Their plates were delivered only minutes after they ordered, no doubt a nod to her high-ranking dining companion. Garber’s usual was plain steamed fish and vegetables. Liesl’s salad included one small piece of potato and only a quarter of an egg. What did they do with the other seventy-five percent of the egg, she wondered.
“It’s yours, Liesl,” Garber said. “The library is yours.”
“I’m sorry,” Liesl said. “Mine in what sense?”
“I’m appointing you chief.”
“I’m set to retire,” Liesl said. “Those plans haven’t changed.”
Garber took a bite of his fish before continuing.
“Where do you take donors if not the Faculty Club? That will need to change once your term starts.”
“I take them to a local restaurant,” Liesl said.
“That’s charming, but they don’t write us checks so they can eat dinner next to an undergraduate.”
“Did you hear when I said I was retiring?”
“I’m offering you a leadership position. The chance for more thrilling discoveries in auction catalogs and special presentations on the news all about how clever you are. Control of the acquisitions budget. You’d be the first woman in the library’s history. Surely your knitting group can wait.”
“I’ve never been much for knitting,” Liesl said. “Despite what you’ve assumed about me.”
“Well then, you have lots of free time. You’ll take the role.”
“I have no desire for a leadership position,” Liesl said.

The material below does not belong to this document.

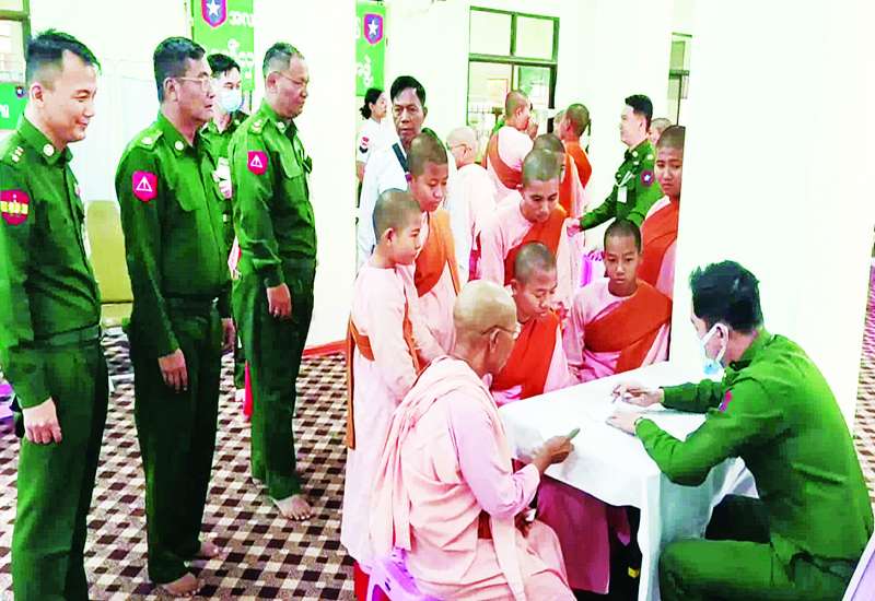 တပ်မတော်အနေဖြင့် ပြည်သူလူထု၏ ကျန်းမာရေးကဏ္ဍတိုးတက်မြင့်မားစေရန်အတွက် ကျန်းမာရေးစောင့်ရှောက်မှုလုပ်ငန်းများတွင် တစ်ဖက်တစ်လမ်းမှ ကူညီစောင့်ရှောက်မှုများ ဆောင်ရွက်ပေးလျက်ရှိရာ ယနေ့နံနက်ပိုင်းတွင် အရှေ့ပိုင်းတိုင်းစစ်ဌာနချုပ် နယ်လှည့်ဆေးကုသရေးအဖွဲ့က ရှမ်းပြည်နယ် (တောင်ပိုင်း) ရပ်စောက်မြို့နယ် ထီးခမ်းကျေးရွာရှိ ဒေသခံတိုင်းရင်းသားပြည်သူများအား အဆိုပါကျေးရွာရှိ ထီးတစ်ပင်ကျောင်းတိုက်၌ အခြေပြု၍ ကျန်းမာရေးစောင့်ရှောက်မှုလုပ်ငန်းများ ဆောင်ရွက်ပေးသည်။

She was mostly telling the truth; she had spent plenty of time thinking about having the reins to the acquisitions budget and the ability to set new coordinates for the team and all the library’s resources. She’d tried on the leader’s clothes and found they fit, found that her instincts were sharp when she got to follow them.
“Fine. You don’t want the role,” Garber said. “But think of what the library needs.” He smacked his lips and waited for her to respond. But Liesl, to her credit, wanted more for the library than someone who could be as good a leader as Christopher. She didn’t want to get the leader’s clothes pressed and ready for their next wear; she wanted to toss them in the bin and install someone who wore leadership as an altogether different color. At the same time, Liesl, here eating a thirty-eight-dollar salad with President Garber, planned on making one last move while the leader’s clothes still hung on her body, while Garber sat across from her and saw how well they’d been tailored.
“The library needs a change,” Liesl said. “A move into the twenty-first century and away from the old way of doing things.”